1. ## Analytic Trig

Solve each equation on the interval 0 greater than or equal to theta or less than 2pie.

12) 4 (cos^2) theta - 3 = 0

Please be descriptive I have having difficulties with these types. TY

2. Originally Posted by kukid123
Solve each equation on the interval 0 greater than or equal to theta or less than 2pie.

12) 4 (cos^2) theta - 3 = 0

Please be descriptive I have having difficulties with these types. TY
Just "unwrap" it like you would any other equation.
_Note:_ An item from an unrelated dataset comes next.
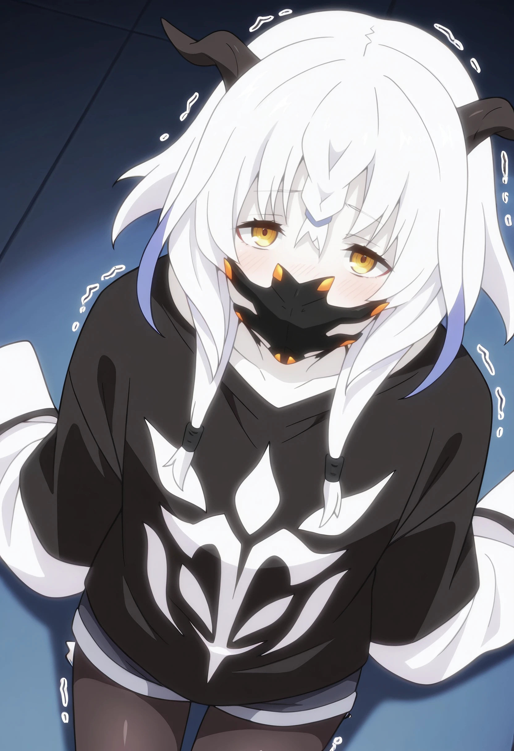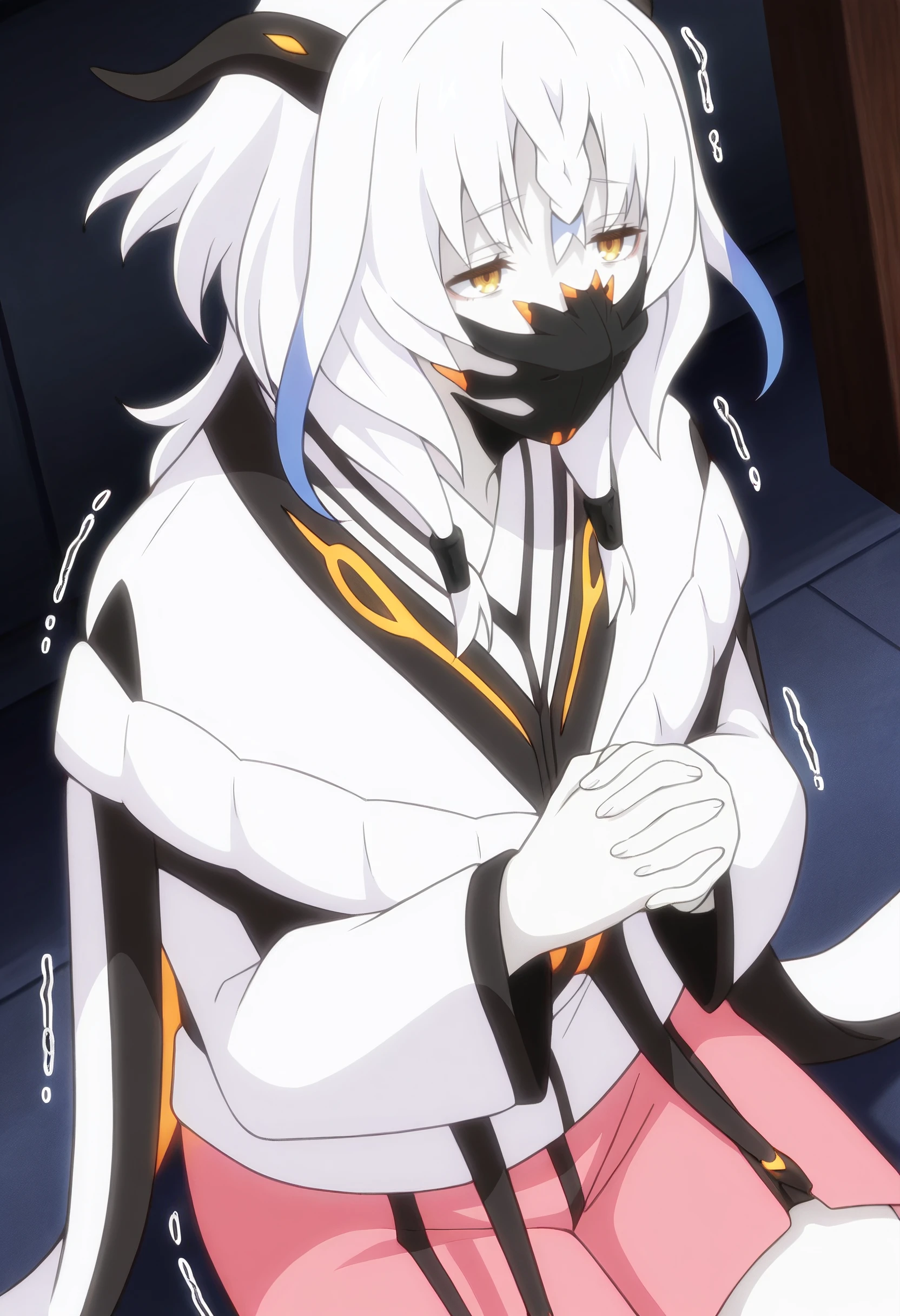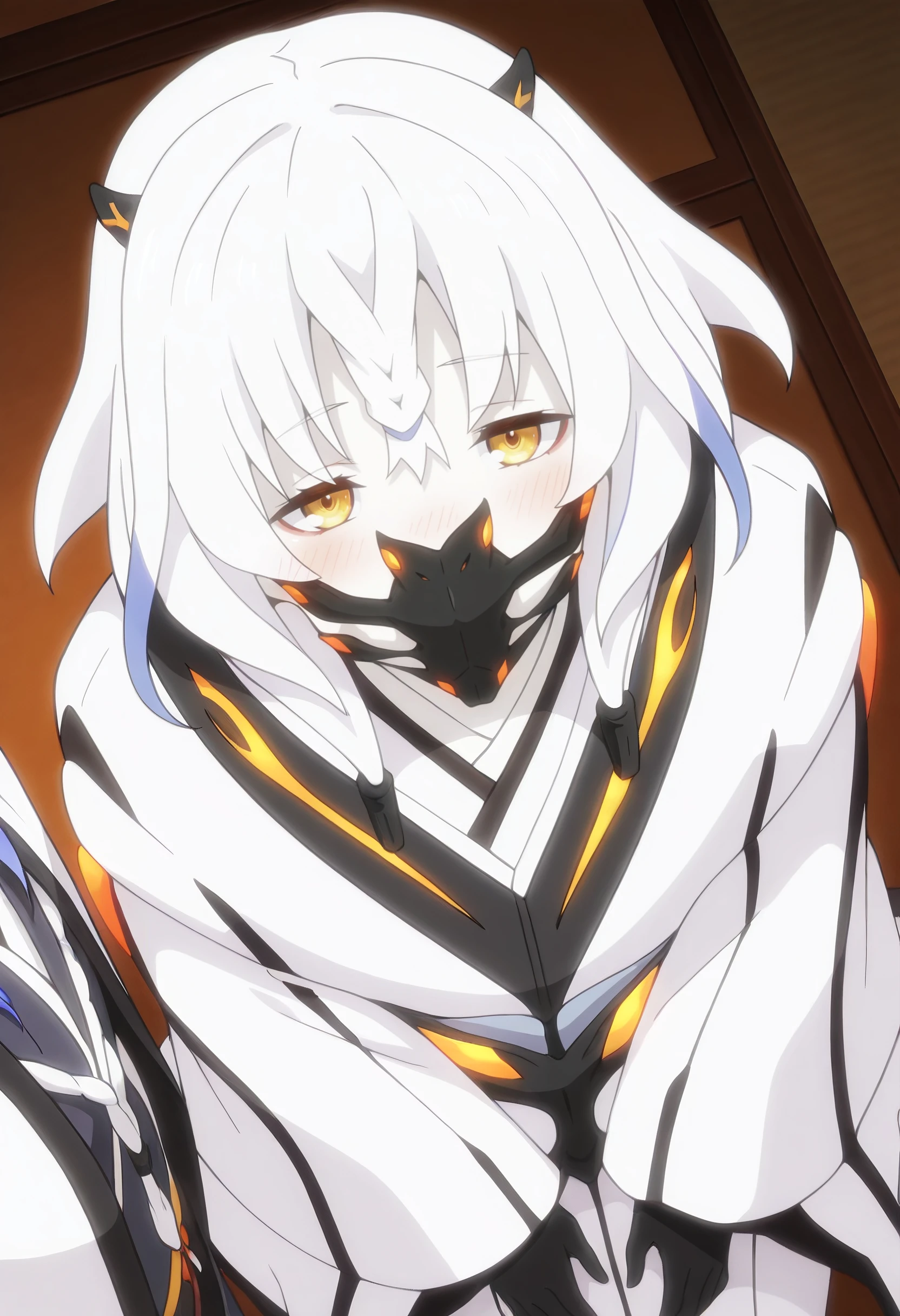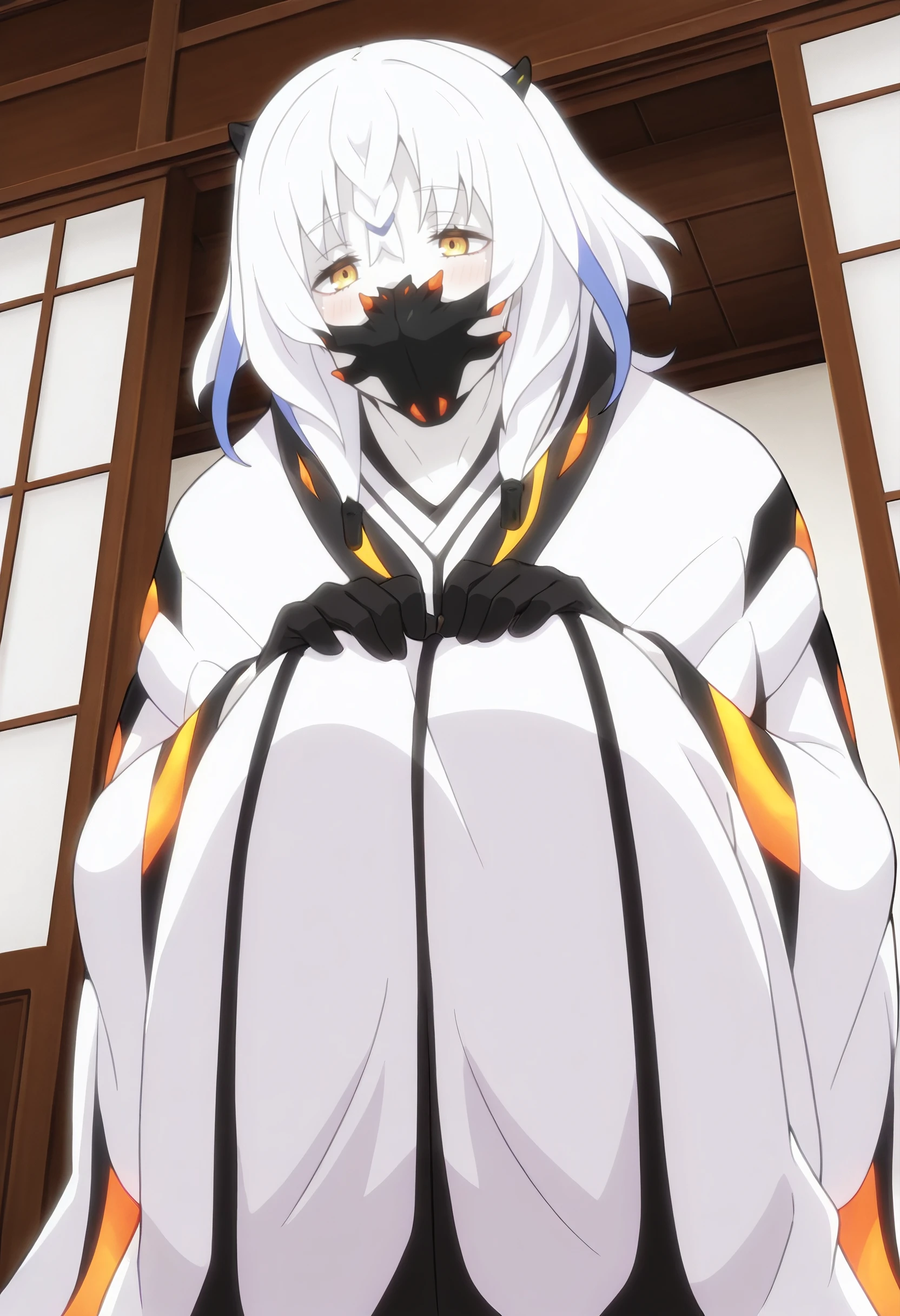 TNMIchikishimahime, white hair, yellow eyes, multicolored hair, braid, medium hair, streaked hair, blue hair, white skin, pale skin, mouth mask, horns, colored skin, mask, black mask,

$\displaystyle 4\cos^2{\theta} - 3 = 0$ Add 3 to both sides.

$\displaystyle 4\cos^2{\theta} = 3$ Divide by 4.

$\displaystyle \cos^2{\theta} = \frac{3}{4}$. Take the square root.

$\displaystyle \cos{\theta} = \pm\frac{\sqrt{3}}{2}$.

So what values of $\displaystyle \theta$ make $\displaystyle \cos{\theta} = \frac{\sqrt{3}}{2}$ or $\displaystyle -\frac{\sqrt{3}}{2}$.

We know $\displaystyle \cos{\frac{\pi}{6}} = \frac{\sqrt{3}}{2}$

So $\displaystyle \frac{\pi}{6}$ is the focus angle.

In the domain $\displaystyle 0 \leq x \leq 2\pi$ the solutions are...

$\displaystyle x = \left\{\frac{\pi}{6}, \pi - \frac{\pi}{6}, \pi + \frac{\pi}{6}, 2\pi - \frac{\pi}{6}\right\}$

$\displaystyle = \left\{\frac{\pi}{6}, \frac{5\pi}{6}, \frac{7\pi}{6}, \frac{11\pi}{6}\right\}$.

Does that make sense?

3. Yeah thanks bro. Great work.